Блюдце поползло по буквам, и мы прочитали слово «гнев».
— Ему не хочется говорить тебе такие вещи, — встала Кулакова на сторону духа.
— Нет, пускай ответит, раз уж пришел.
— Мне кажется, он на тебя разозлился.
И действительно, следующая фраза, прочитанная нами, подтвердила ее предположение:
«В гробу лежать будешь»
— Конечно в гробу, — усмехнулась я, но по спине у меня пробежали мурашки.
После этого старец напрочь отказался с нами разговаривать. А Кулакова все никак не хотела прекращать это таинственное занятие, полюбопытствовала, кто такая эта Ирина Андреевна. Узнала, что это родительская знакомая, разочарованно хмыкнула и наконец сказала:
— Сейчас будет самое-самое главное в моей жизни! Сейчас будет то, к чему я уже давно-давно внутренне, и не только внутренне, очень-очень приготовилась. Сейчас мы позовем Жерара.
— Что?
— Я хочу кое-что у него спросить.
Отказаться было немыслимо, потому что, заикнись я о том, чтобы отложить это на потом, Кулакова бы меня точно убила. И было видно, что с Олей творится что-то неладное. Она ужасно побледнела, поспешно сбегала за терновым венцом, нахлобучила его на голову и исчезла в соседней комнате. Через несколько минут вернулась она с напомаженными губами, уже в мешковатом белом платье с блестками и с венцом на голове.
— Ну как?
— Красиво.
— Мамашино свадебное. Узнает — убьет. Ничего себе, да?
Когда мы опять сели, мне показалось, что стол подрагивает. Подрагивали и Олины пальцы. Дух Жерара пришел к нам быстро, и Оля разволновалась еще больше.
— Спроси у него, хочет ли он, чтобы мы поженились, — потребовала она.
— Почему я? Спроси у него сама.
— Ну я прошу тебя. Ты же друг.
И мне пришлось задать этот дурацкий вопрос. Дух немедленно пополз к отметке «да», и глаза Кулаковой наполнились влагой.
— Спроси у него, можем ли мы обручиться прямо сейчас.
Это начинало меня веселить еще больше. Теперь я поняла все и про платье, и про венец. На минуту мне стало стыдно и за себя, и за Олю. Несмотря на мучивший меня изнутри нервный хохот, все же я задала этот вопрос. Дух без обиняков согласился жениться, будто это было для него занятием ежедневным и чуть ли не пустяковым.

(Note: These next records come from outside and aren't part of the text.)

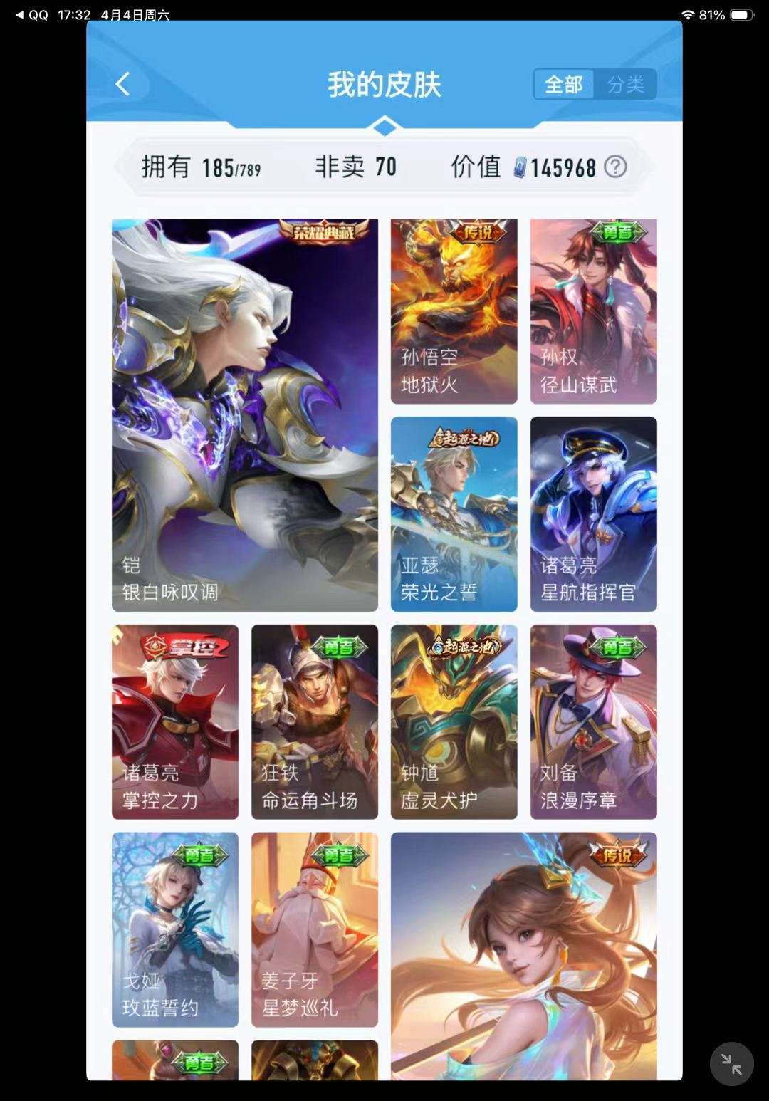 游戏区服:王者荣耀-QQ苹果-QQ账号
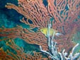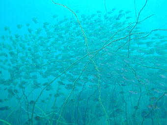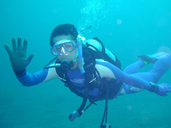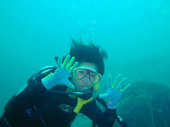 【参加者】 SD講習で倉本さん、ファンダイビングはクワタン、ユカタン、荻野さん、 スタッフは、細川インストラクターと松橋インストラクターの総勢6名です。 【クワタンのダイビングレポート】 大瀬崎、行ってきました! あいにくのお天気でしたが、片付けが済むまでは 雨もふらずになんとかかんとか。 でも、海から上がるとさすがにさぶいです。 No.1 柵下 曇り 波・うねり・流れともナシ 透明度20m 透視度15〜18m 水温22度 最大深度30m 潜水時間35分 波もなく、流れもなく、しかも透視度もよく、他のダイバーもなく、 開放感にあふれたダイビングでした。 定番ネンブツダイやキンギョハナダイの群れが迎えてくれて、 ゆっくり移動。クマノミもいたし、姿の美しいコロダイが 優美に漂っていました。ちっちゃなカレイも見っけ。 No.2 一本松 曇り 波・うねり・流れともナシ 透明度20m 透視度15〜18m 水温21度 最大深度30m 潜水時間35分 やっぱり海の状態は良好。 色とりどりのウミウチワがきれいでした。コロダイの幼魚もいました。 ウミウシを3コ見つける約束の松橋さんは、残念ながら2コしか 見つけてくれなかったけど、1つは5ミリ程度の小さなヤツ。 往きの車でユカタンと私はすっかり酔ってしまい、潜水前の 集合写真は、いっぱいいっぱいの笑顔。顔色ワル〜 で、2本とも必殺ゴロタExitでした! ふくらはぎ、思いっきりツッて、今もって痛ーい。 大瀬崎では、ドライスーツが1/3くらいいましたね。 夏ほどではないけど、湾内は結構混んでました。 お昼は1本目と2本目の間にマンボウでお弁当を食べ(11時ちょっと過ぎ)、 2本目を終え、後片付けをして車が発進したのが13:30。 でもフォルモサに着いたのは18:00(途中海老名SAで休憩)。 ログ付けのあとは、いざ『くまくら』へ。 いっぱい食べて、巨人の優勝が決まったところで解散。 どうもごちそうさまでしたっ! また次回もよろしくお願いします! |
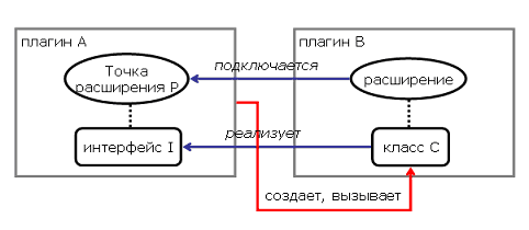 Клиенты точки расширения P (они не обязательно должны находится в плагине A, объявляющем точку расширения) могут получить список обнаруженных расширений P (в этом примере – единственное расширение в плагине B), создать их экземпляры и работать с ними через общий интерфейс I, объявленный в том же плагине, что и точка расширения.
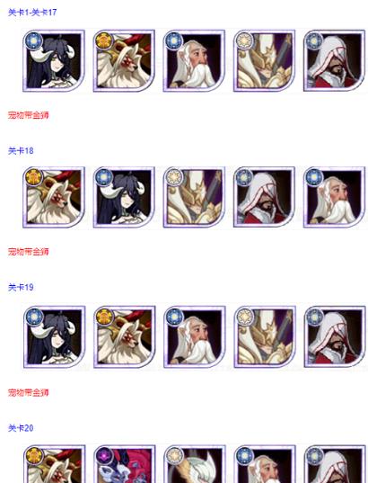 1、关卡1-17使用一下阵容,佩戴宠物金狮,18-19用其他阵容,宠物也是金狮。
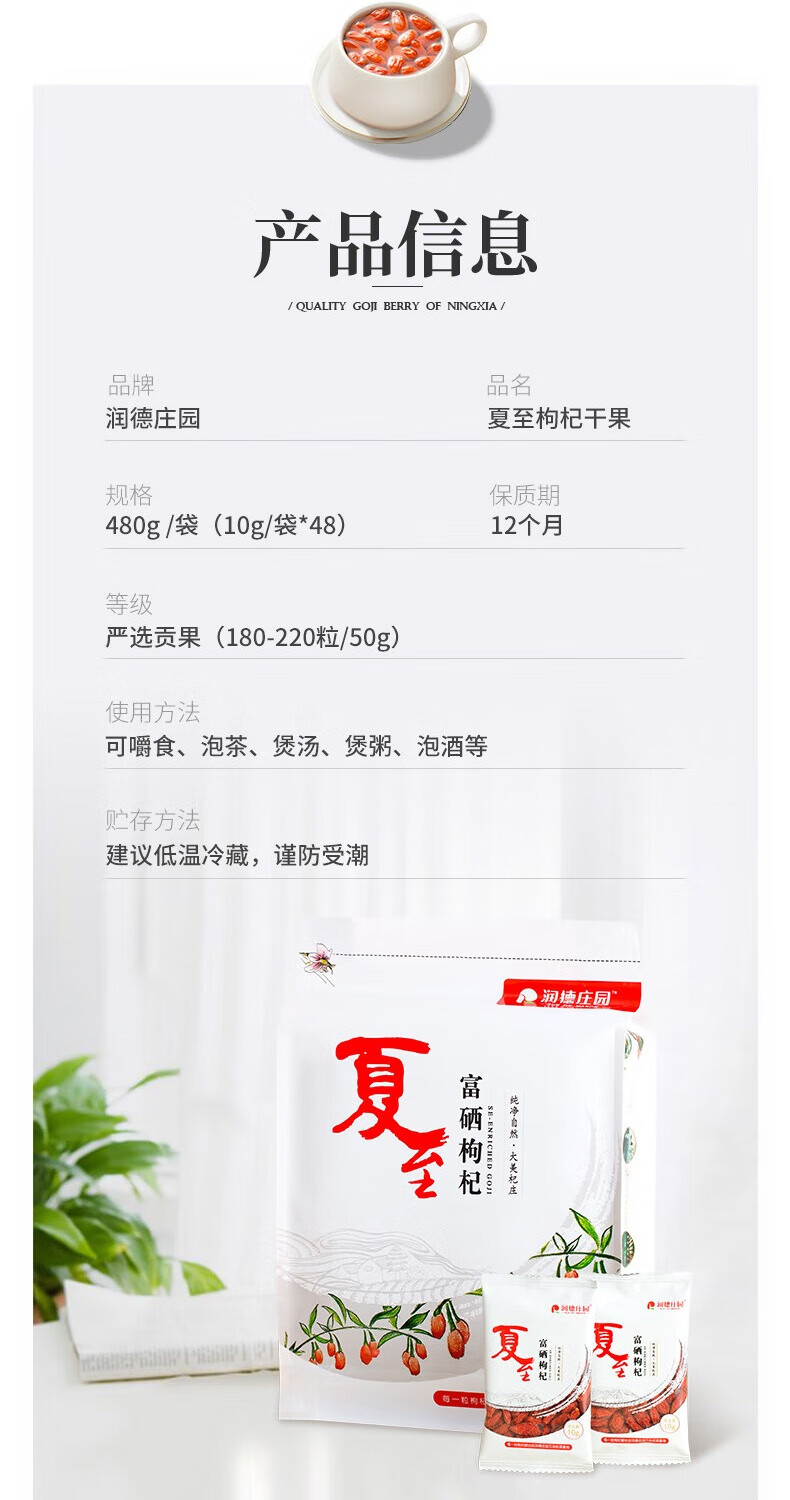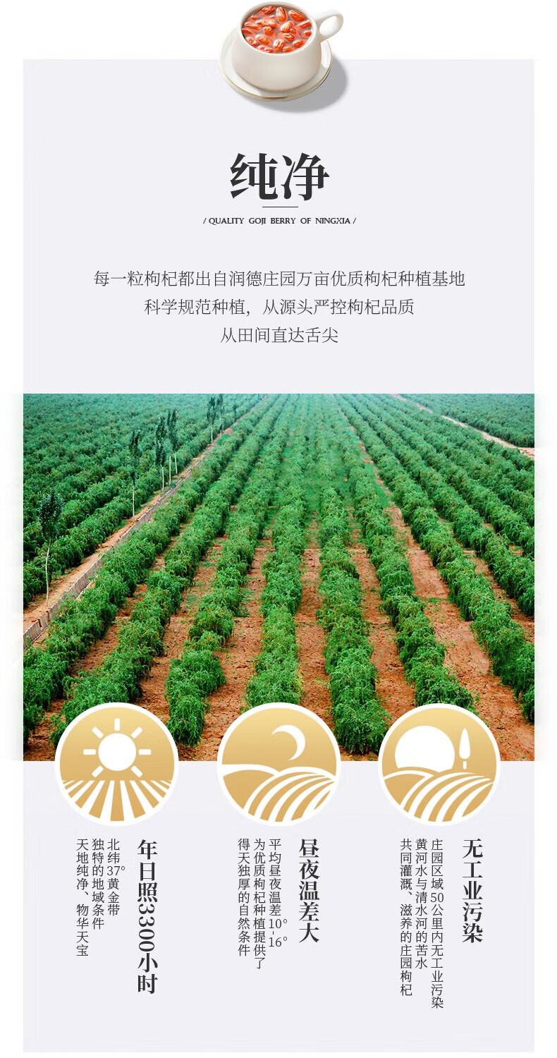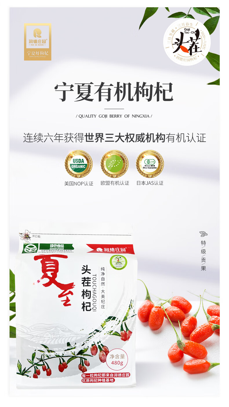 润德庄园有机宁夏头茬枸杞子枸杞果干独立小包装礼袋装特优级480g送礼礼盒 【有机富硒】头茬特优 480g*1袋 【顺丰送货上门】
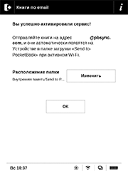 Аналогичный сервис загрузки книжек в ридер «по воздуху» разработала и компания Pocketbook. Для отправки контента производитель предлагает использовать обычную электронную почту. Это работает так: на присвоенный ридеру электронный адрес Вы посылаете со своего ящика письмо, к которому прикрепляете книги, а после подключения ридера к Wi-Fi-сети этот контент автоматически загружается в устройство.
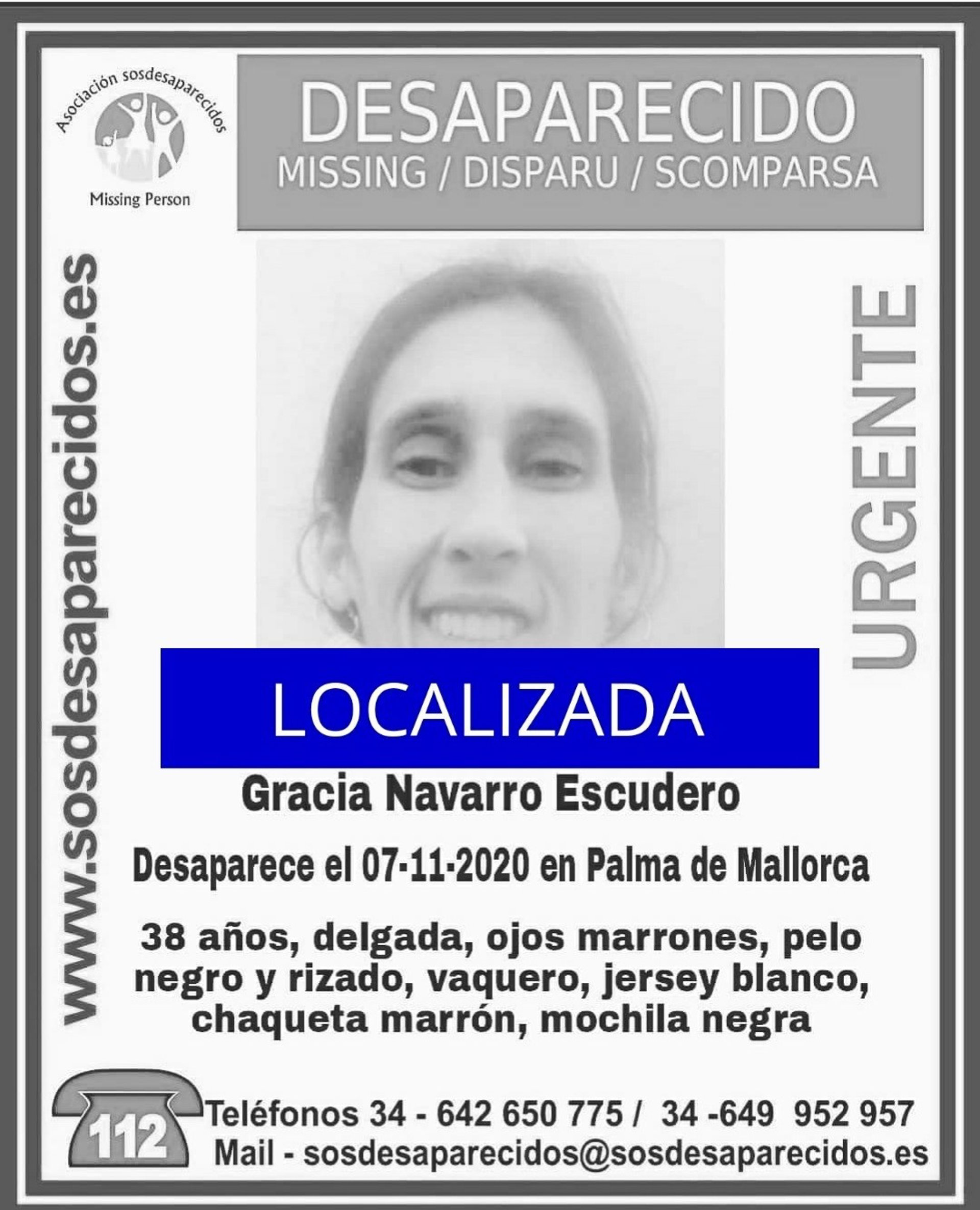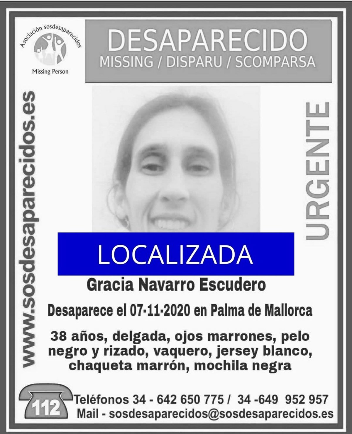 La organización SOSDesaparecidos ha informado este martes de que se ha localizado a la mujer de 38 años desparecida desde el pasado 7 de noviembre en Palma.

— А как ты собираешься это сделать практически?
— Очень просто, — быстро проговорила Кулакова, открыто глядя мне в глаза и не отрывая пальцев от блюдца, — ты будешь как будто священником. Ты говоришь следующее: «Раба Божья, гражданка Союза Советских Социалистических Республик Ольга Владимировна Кулакова, желаете ли вы взять в жены Жерара Филиппа?» А потом спросишь и его. Поняла?
— Ладно.
— Давай спрашивай.
— Ольга Владимировна Кулакова, раба Божья и гражданка, желаешь ли ты взять в мужья Жерара Филиппа?
— Я желаю. То есть не возражаю. Желаю,— зашептала Оля, слегка недовольная тем, что я сбилась, и вся вдруг залилась краской.
— А теперь спрашивай его, — прошипела она.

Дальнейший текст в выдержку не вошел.